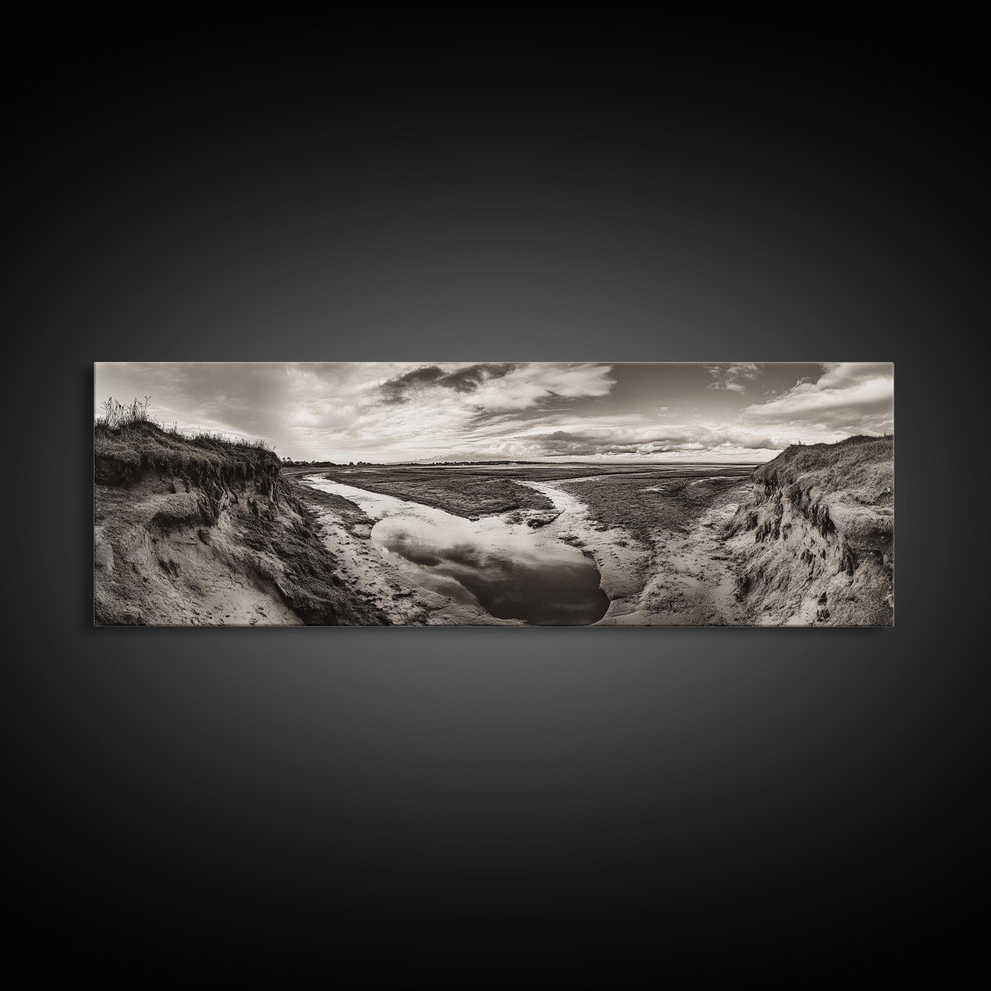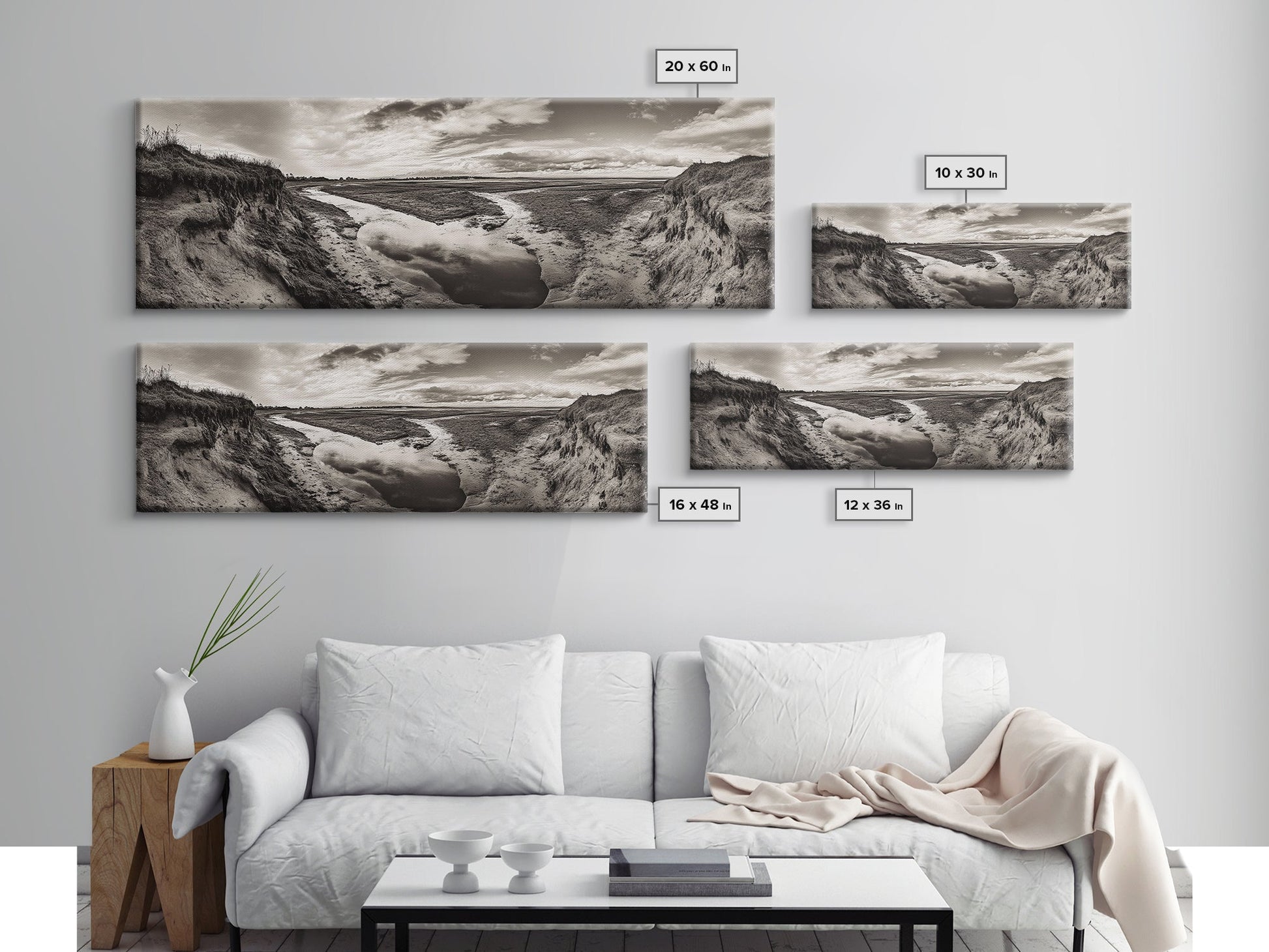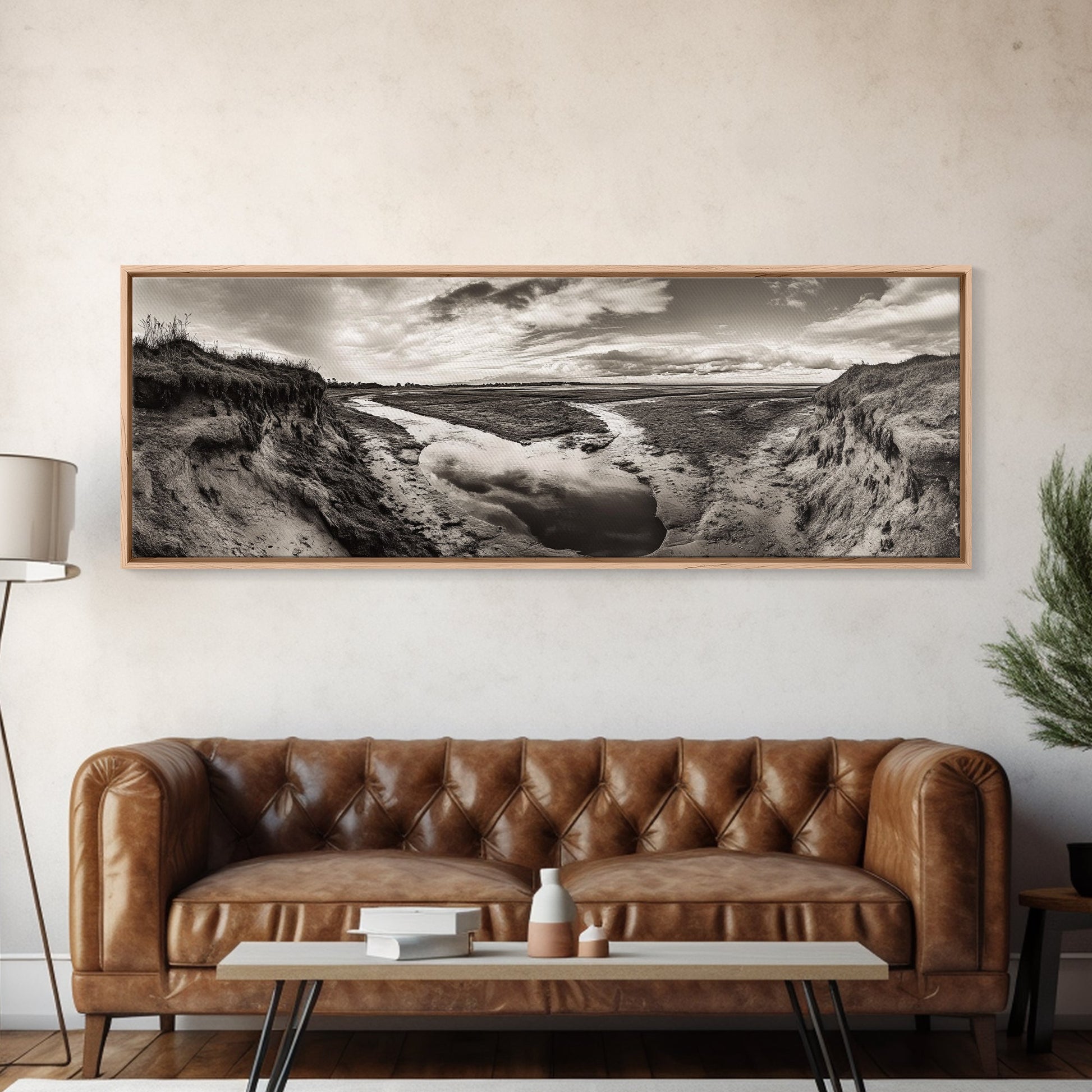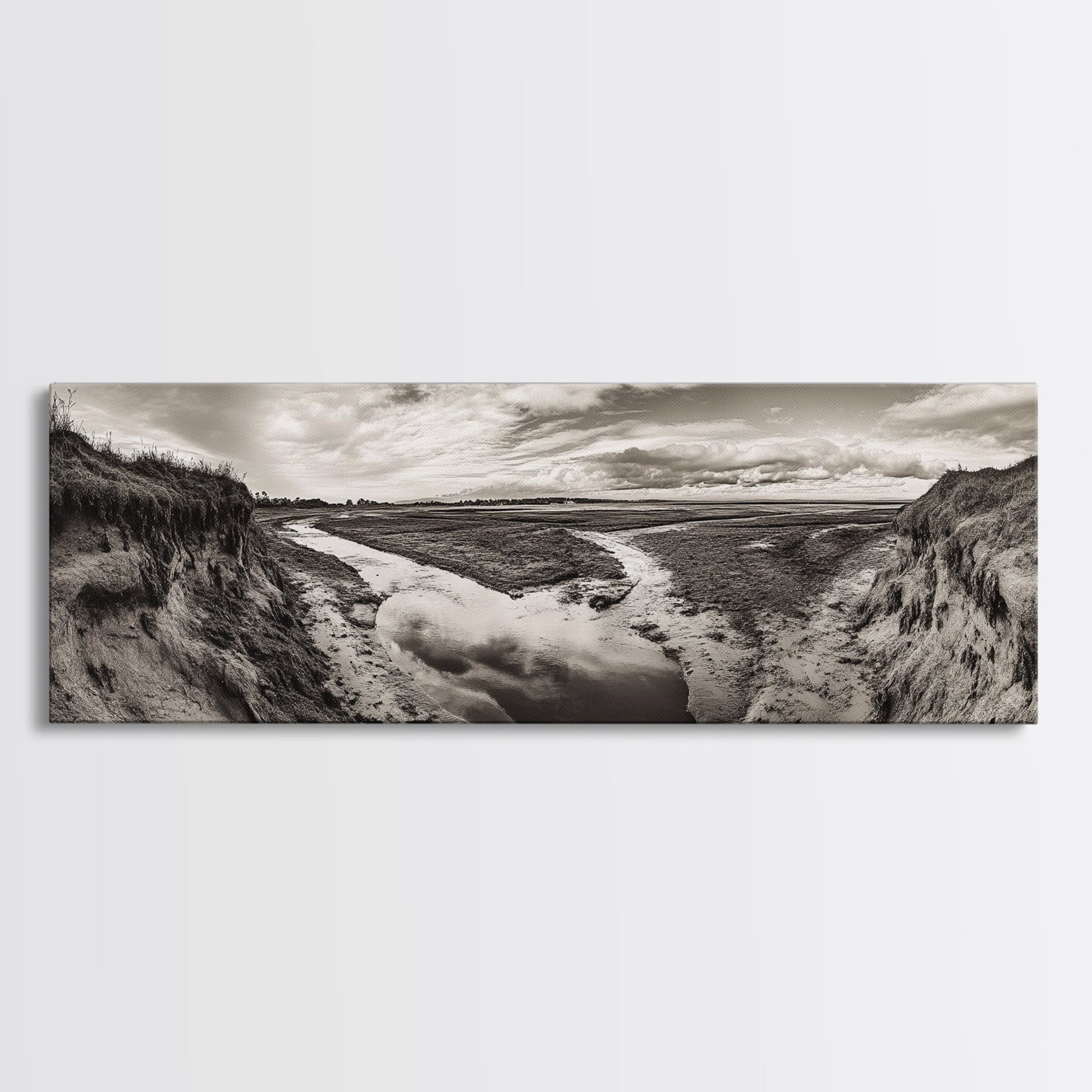 Marsh Landscape, Coastal Grasslands, Autumn Earth Tones, Framed Canvas Print, Fall Wall Art, Farmhouse Style, Rustic Entryway Decor
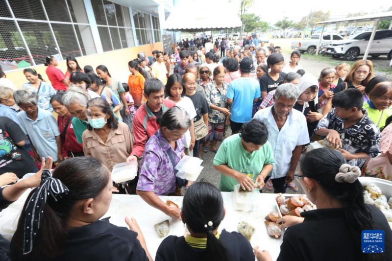 12月10日,民众在位于泰国沙缴府的一处避难所排队领取食物。
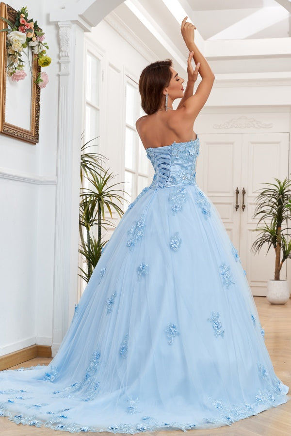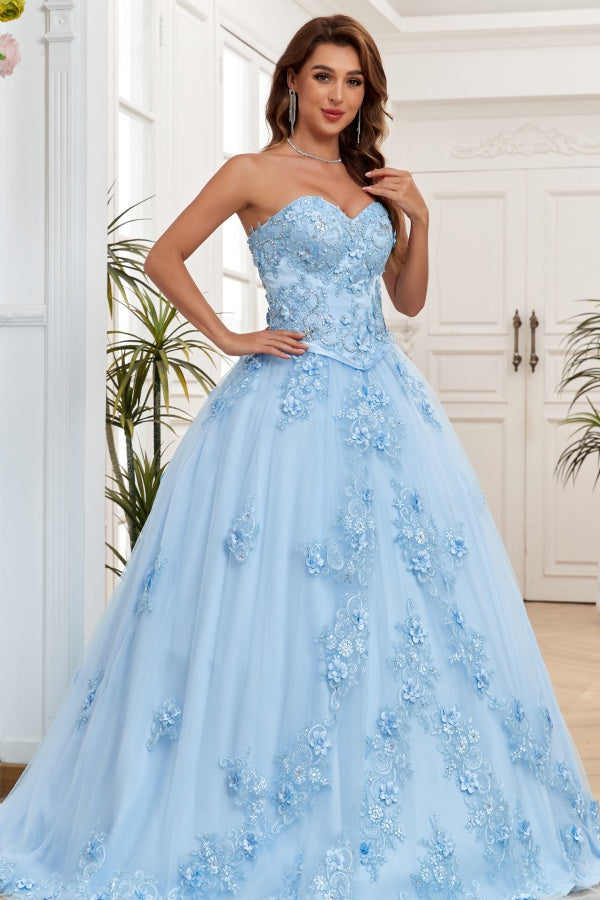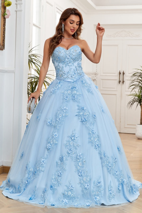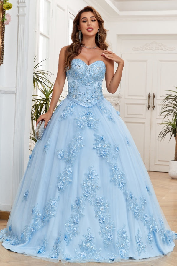 Langes Quinceanera-Kleid mit Herzausschnitt für Damen, trägerloses Korsett mit Blumenapplikationen, Perlenbesetztes Tüll-Ballkleid
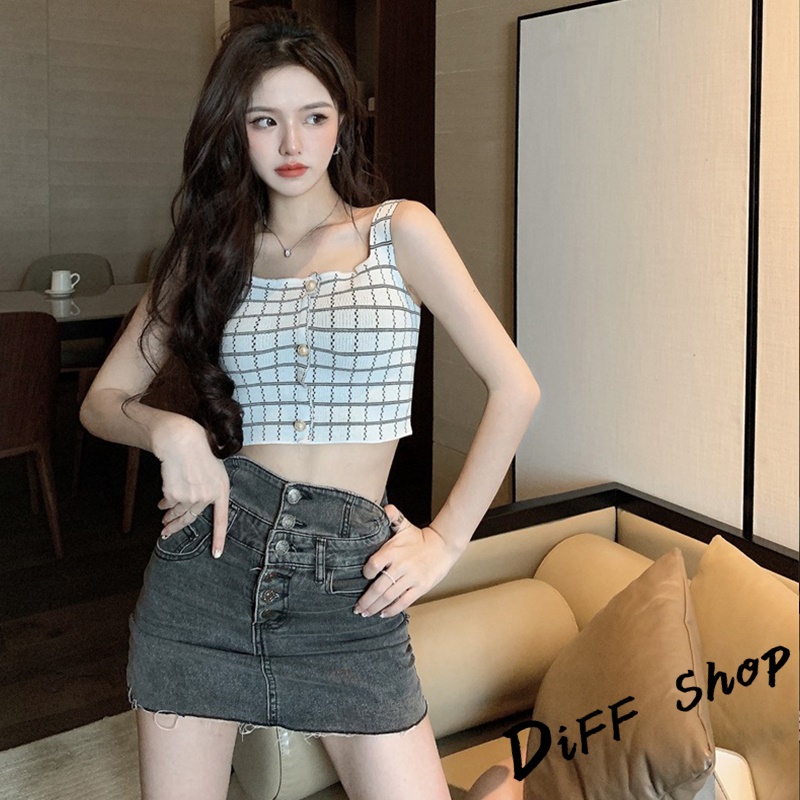 【DIFF】韓版氣質設計感美背格子短版背心 上衣 小可愛 女裝 背心女 衣服 短版上衣【V223】
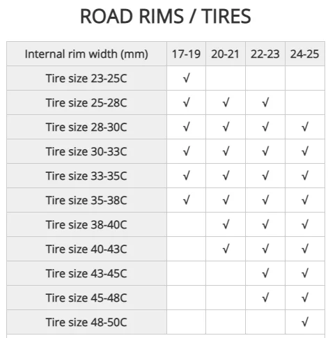 (2) 25mm wide wheel sets can be fitted with 25mm and 28mm outer tires.
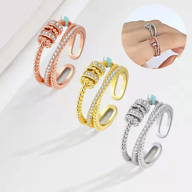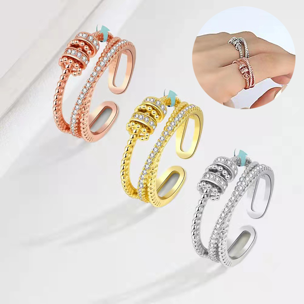 Turnable Anxiety Rings With Bead Relieve Stress Rings For Women Men Jewelry
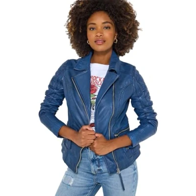 Supersoft leather biker jacket Asymmetric zip fastening Handy pockets with tassels on the zips Bold blue colour Unique adjustable buckles
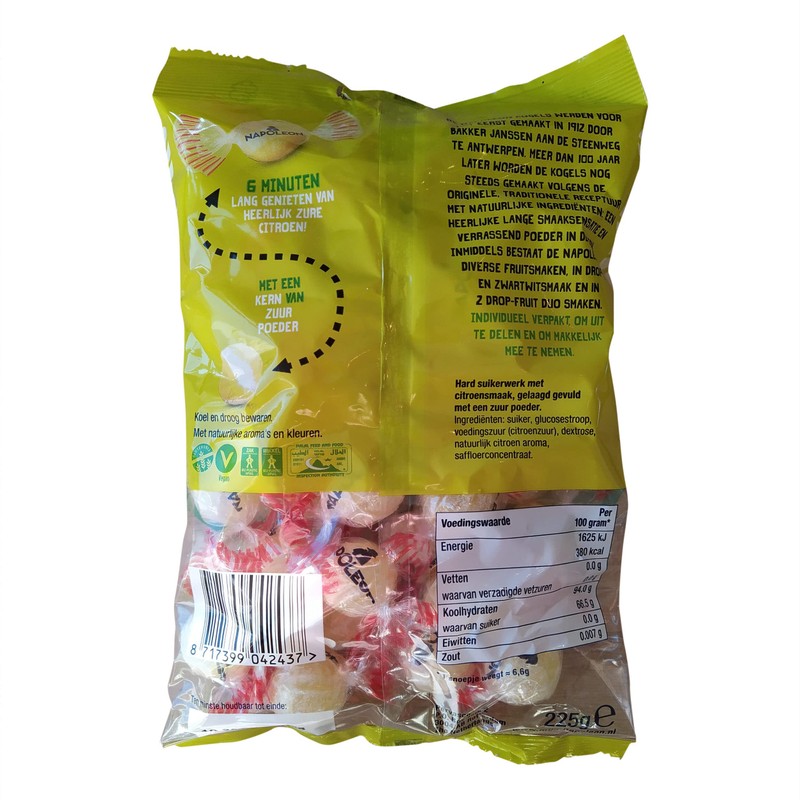 Napoleon Candy is traditionally made in The Netherlands with natural ingredients since 1912. The fruity sour Napoleon candies have fizzy powder inside. This bag of Napoleon Lemon Candy contains fruit candies with a sour lemon flavor. Buy Now!
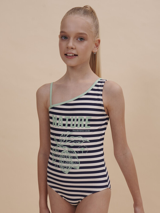 Модный слитный купальник для девочки. Модель с оригинальными ассиметричными лямками, они не сползают, исключают трение и раздражение. На узкой бретели сзади предусмотрена регулировка длины. Передняя часть изделия с подкладкой — не просвечивает. Детский купальник выполнен из полиамида и эластана — он прекрасно тянется, не теряя при этом своей формы, не выгорает и быстро сохнет. По переду модель декорирована красивым принтом в ботаническом стиле. На принте изображены какао-бобы. Надпись переводится:"природа". Принт мягкий и стойкий, не боится частых стирок. Купальник в тёмно-синюю горизонтальную полоску — такой узор в стиле тельняшки — один из самых трендовых в этом сезоне. В линейке есть детские купальники следующих размеров: 3 (98); 4-5 (104-110); 6-7 (116-122); 8-9 (128-134); 10-11 (140-146). Купальник красивый подходит для девочек дошкольного, младшего школьного возраста и девочек-подростков. Отличный вариант для летнего отдыха, пляжа, моря и бассейна. Модный купальник — чудесный подарок дочери, внучке или сестре на любой праздник. Выбирайте нужный размер по таблице размеров на фото. Цвет товара на экране вашего устройства может отличаться от цвета изделия вживую. Товар возврату и обмену не подлежит.
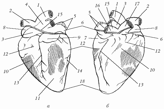 а – слева; б – справа: 1 – аорта; 2 – плечеголовной ствол; 3 – легочный ствол; 4 – артериальная связка; 5 – легочные вены; 6 – левое предсердие; 7 – левая непарная вена; 8 – правое ушко; 9 – левое ушко; 10 – правый желудочек; 11 – левый желудочек; 12 – субэпикардиальный жир; 13 – межжелудочковые борозды; 14 – кровеносные сосуды сердца; 15 – линия прикрепления перикарда; 16–17 – полые вены; 18 – верхушка сердца
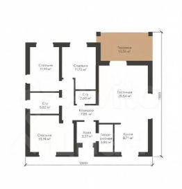 Вашему вниманию представлена НОВАЯ ОТЛИЧНАЯ планировка дома, которая подойдет для большой семьи — три спальни, 2 санузла, просторная кухня-гостиная с панорамным остеклением.
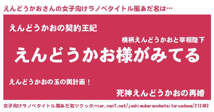 | 男性向けラノベタイトル風あだ名 | 『えんどうかおの嫁は女の子じゃないと思った?』 |
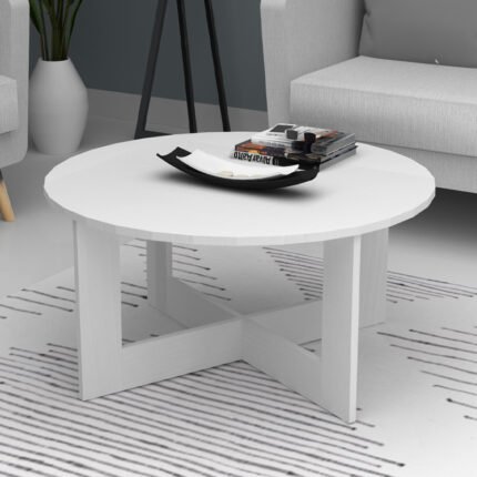 Τραπεζάκι σαλονιού Kati Megapap χρώμα λευκό Ø80×42εκ.
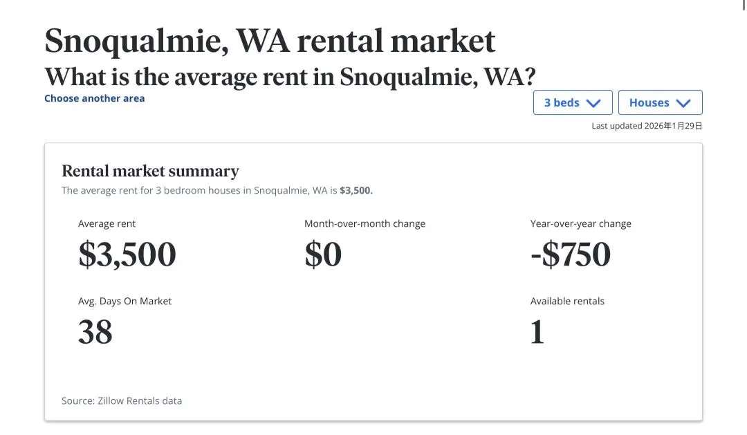 Snoqualmie虽然房源极度紧缺(仅1套),但租金同比下调了 $750。

———

§ **BRIEF**
I would like you to set down the lines above, from the one containing "男性向けラノベタイトル風あだ名 | 『えんどうかおの嫁は女の子じゃないと思った?』 |" to the final line, exactly as written and without pictures.

§ **RESPONSE AREA**
 | 男性向けラノベタイトル風あだ名 | 『えんどうかおの嫁は女の子じゃないと思った?』 |
 Τραπεζάκι σαλονιού Kati Megapap χρώμα λευκό Ø80×42εκ.
 Snoqualmie虽然房源极度紧缺(仅1套),但租金同比下调了 $750。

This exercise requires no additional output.